The result shall be a valid preprocessing token.

The same question goes for all the other "the behavior is undefined" in 6.10 Preprocessing directives.

pmor
  • 5,392
  • 4
  • 17
  • 36
  • Speculation: certain problems are simply too difficult to solve (or impossible). If some constraint reducing to such a problem, it is better to leave the required behavior undefined than force the compiler to solve it. – Eugene Sh. Jan 12 '22 at 15:35
  • 3
    You have predicated your question on a bad answer. The use of an abstract machine is extremely helpful and is a common mathematical tool in working with the semantics of programming languages. You should base your question on the C standard, historical practice, and so on, not bad opinions. – Eric Postpischil Jan 12 '22 at 15:36
  • Everything outside the scope of the C standard is UB. It would be hard to write a fully deterministic language with no unknowns. – Lundin Jan 12 '22 at 15:46
  • 3
    Those instances act as extension points. Because the standard doesn’t define the behaviour in those cases, implementations are free to define it instead, and still claim compliance with the standard. GCC [took advantage of this](https://gcc.gnu.org/onlinedocs/cpp/Variadic-Macros.html). – user3840170 Jan 12 '22 at 15:53
  • 2
    `if (i+1 < i)` depends on the signedness of `i` (and signed int overflow is undefined) – wildplasser Jan 12 '22 at 16:10
  • I think I agree with the original asker - e.g. C11, 6.10.3.3 could've been "the output of the preprocessor is fully defined, in all cases, but whether the preprocessor's output makes sense for the compiler is another matter entirely". – Brendan Jan 12 '22 at 16:18
  • 1
    @Brendan This breaks the existing paradigm where the preprocessor is running first, then the compiler is taking it's output. With this new constraint it will force another pass and complicate the implementation. – Eugene Sh. Jan 12 '22 at 18:18
  • 1
    @EugeneSh.: I don't see how defining the preprocessor's behavior could prevent a pipelined implementation (e.g. single-pass, where pre-processor feeds its output one logical line at a time to compiler to compile immediately and/or in parallel). – Brendan Jan 13 '22 at 01:11
  • @Lundin Can you please tell more on your opinion that the concept of an abstract machine and the formal definition of evaluation is "rather unhelpful"? – pmor Jan 13 '22 at 18:17
  • @pmor Take [this discussion](https://stackoverflow.com/a/58697222/584518) about whether volatile must act as a memory barrier or not. When reading the rules of the abstract machine, then it definitely must. Yet most compilers have implemented memory barriers and instruction re-ordering differently. Therefore the text about the abstract machine is unhelpful, because the part about what optimizations a compiler is allowed to do is all too vague and fuzzy. Whenever the standard says something and then all compilers implement it differently, there's usually a problem in the standard. – Lundin Jan 14 '22 at 08:05
  • @Lundin: The Standard waives jurisdiction over many matters as "quality of implementation" issues. If many compilers handled them differently, but each did so in a manner that would optimally serve its users, such waiver would be a good thing. The real problem is that some compilers interpret such waivers of jurisdiction as invitations to pretend that useful but non-portable programs as "broken" rather than recognizing that a quality general-purpose implementation should be expected to meaningfully process a much wider range of programs than mandated by the Standard. – supercat Jan 17 '22 at 18:25
  • @Lundin A simple question: if the hosted implementation supports threads, then does it mean that the abstract machine is multithreaded? – pmor Jan 17 '22 at 20:32

3 Answers3

5

Why is the C preprocessor a subject of undefined behavior?

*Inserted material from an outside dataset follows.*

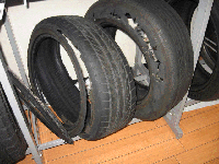 空気が徐々に漏れ、極端な低空気圧のまま走行を続ける事のより、タイヤサイド部のコードが周状に切れてしまう損傷のことです。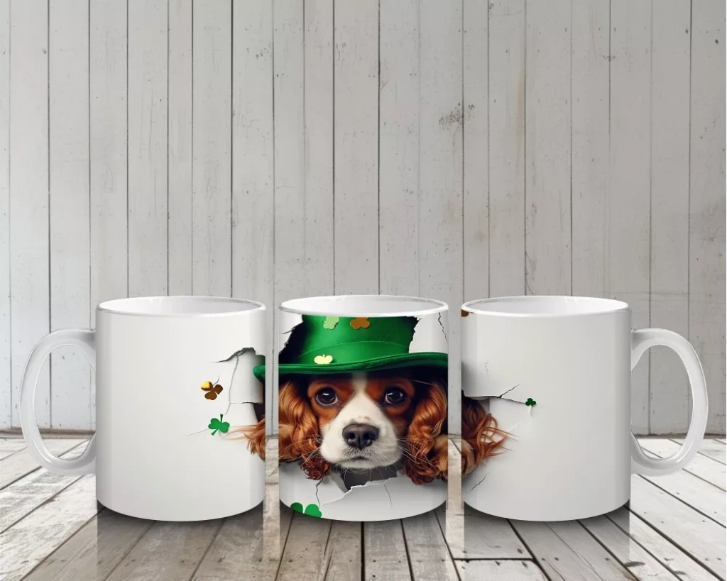Şapkasını takmış Fransız Bulldog, St. Patrick partisine altın kazanıyla katılıyor! Sevimli ve eğlenceli havasıyla bu kupa, her yudumda kutlama hissi yaratıyor.

When the C standard was created, there were some existing C preprocessors and there was some imaginary ideal C preprocessor in the minds of standardization committee members.

So there were these gray areas, where committee members weren't completely sure what would they want to do and/or existing C preprocessor implementations differed which each other in behavior.

So, these cases are not defined behavior. Because the C committee members are not completely sure what the behavior actually should be. So there is no requirement on what it should be.

One of the origins of the UB

Yes, one of.

UB may exist to ease up implementing the language. Like for example, in case of the preprocessor, the preprocessor writers don't have to care about what happens when an invalid preprocessor token is a result of ##.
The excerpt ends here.